I would be honored to do 10 pens, but my supply of product is depleted due to the holidays. If you are willing to send me, I will turn, assemble, and return to you.
Thanks for the opportunity. This is new to me, so let me know what to do next!


----------



## mmayo (Dec 15, 2019)

Cool deal, 90 so far.  I especially like the distribution throughout the US.

Especially thanks fo supplying stuff.  I will buy kits and ship kits and blanks to anyone wishing them.  If we get more than can be used at Edwards (doubtful) there is a Marine logistics depot out in the nearby desert at Barstow.

I sent a request for CSUSA to give us a good price for Streamline kits, we will see if they can.


----------



## Dieseldoc (Dec 15, 2019)

Mark:
Have 10 pen read to send. 
Charlie


----------



## mmayo (Dec 15, 2019)

If and when you have pens send them to me for distribution to the two bases.

Mark Mayo
30340 Rollingoak Drive 
Tehachapi CA 93561

I’ll post photos on this site of what we produced before delivery.


----------



## mmayo (Dec 15, 2019)

Thanks to DieselDoc or Charlie we are at 100


----------



## mark james (Dec 15, 2019)

PBorowick said:


> I can commit to 10 pens.  I will furnish the kits if you will send me the blanks.

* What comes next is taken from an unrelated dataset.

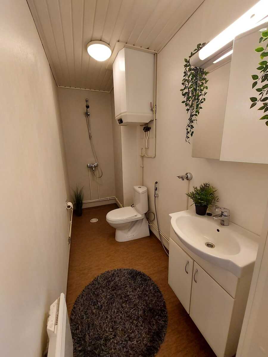 Peili, pesukoneliitäntä, suihku, wc-istuin ja kiinteät valaisimet, seinät (muovimatto), lattiat (muovimatto) |

Mark, I'll cover sending blanks to Paul - I already have his address.


----------



## PBorowick (Dec 15, 2019)

Mark,
If we can use our own blanks and not the spectra ply I can do that.  I THINK I have a few extra blanks laying around....


----------



## wolf creek knives (Dec 15, 2019)

Hey Mark.  Put me down for 5 but I'll probably do more depending on when you need them sent by.  I don't want to over commit and fall short.  I'll also use my own blanks and kits.  I'll just need to know when you want them and a mailing address.  Thanks for doing this Mark, this is a very worthy cause and I'm sure will be well received.


----------



## SteveJ (Dec 15, 2019)

I'll do 10 also.  Let us know if you want us to use the spectra ply.


----------



## mmayo (Dec 15, 2019)

Folks, use what you wish.  I will supply both kits and blanks to those who would like them.  From the start, this is to help others and recognize their service.  If you make them in a day, I’ll take them.  If you make them in a month, I’ll take them.  Edwards Air Force Base has 5,000 workers.  I’m not sure how many are active military, but our efforts will be appreciated for sure.  I’ll will get the pens to the base and the service people.


----------



## mmayo (Dec 15, 2019)

I’m using Spectraply though you can use what you wish.

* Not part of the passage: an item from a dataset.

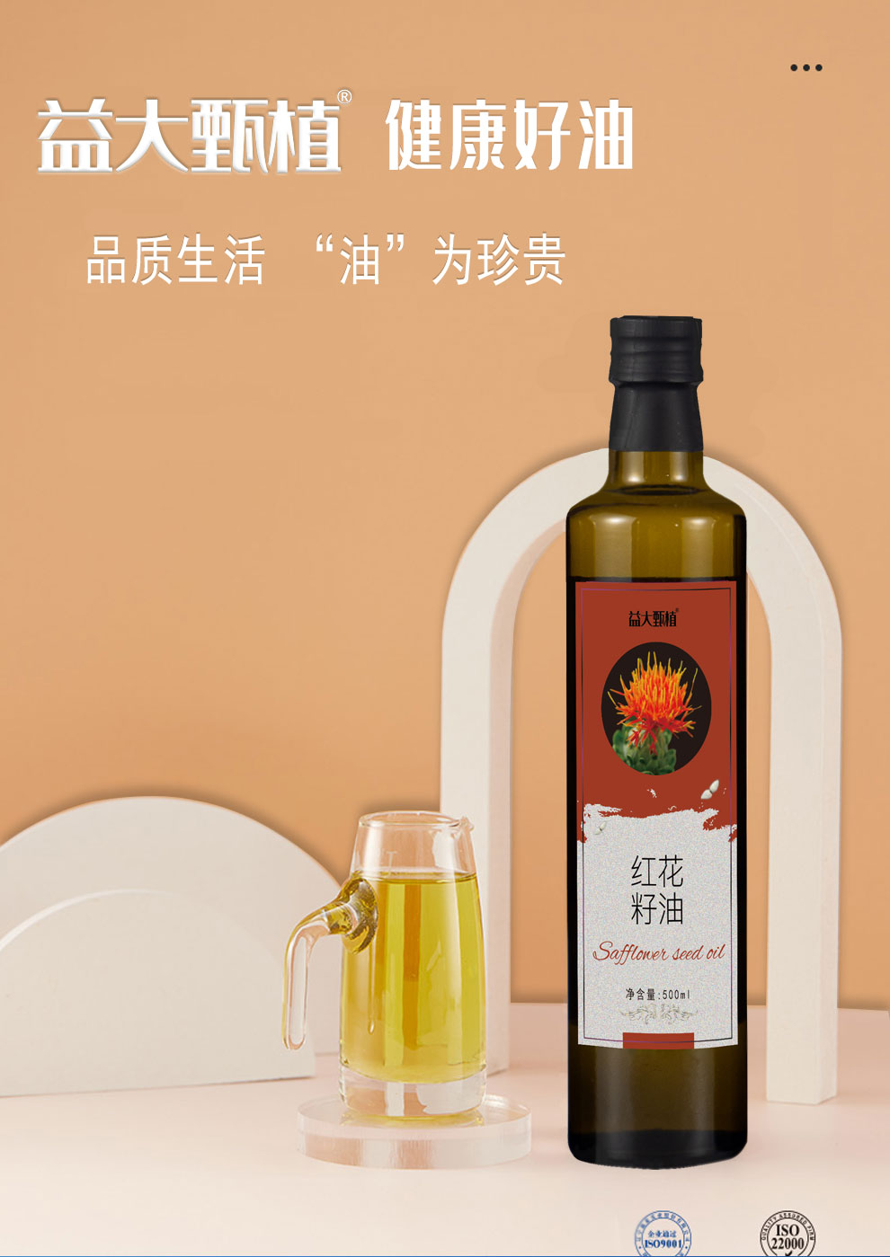 商品名称:益大甄植红花籽油礼盒500ml*2瓶

Thanks, really THANKS to all of you


----------



## mmayo (Dec 15, 2019)

New thought, delivery should be in a tube rather than a plastic pen kit bag.  I will get those from WoodTurningz.


----------



## KenB259 (Dec 15, 2019)

mmayo said:


> New thought, delivery should be in a tube rather than a plastic pen kit bag. I will get those from WoodTurningz.



Are these the tubes you want them shipped in?




Sent from my iPhone using Penturners.org mobile app


----------



## mmayo (Dec 15, 2019)

WoodTurningz has agreed to give us a special sale price on the tubes.  I always like them, their service and like them even more now.


----------



## keithlong (Dec 15, 2019)

I will pledge to make 20, but it will be after the holidays before I can do them, if you have extra kits that would be great.


----------



## mmayo (Dec 15, 2019)

keithlong said:


> I will pledge to make 20, but it will be after the holidays before I can do them, if you have extra kits that would be great.



I will place an order for kits tomorrow and also buy tubes for the pens pledged so far. I’m hoping CSUSA can be helpful, but I’ll buy in any case.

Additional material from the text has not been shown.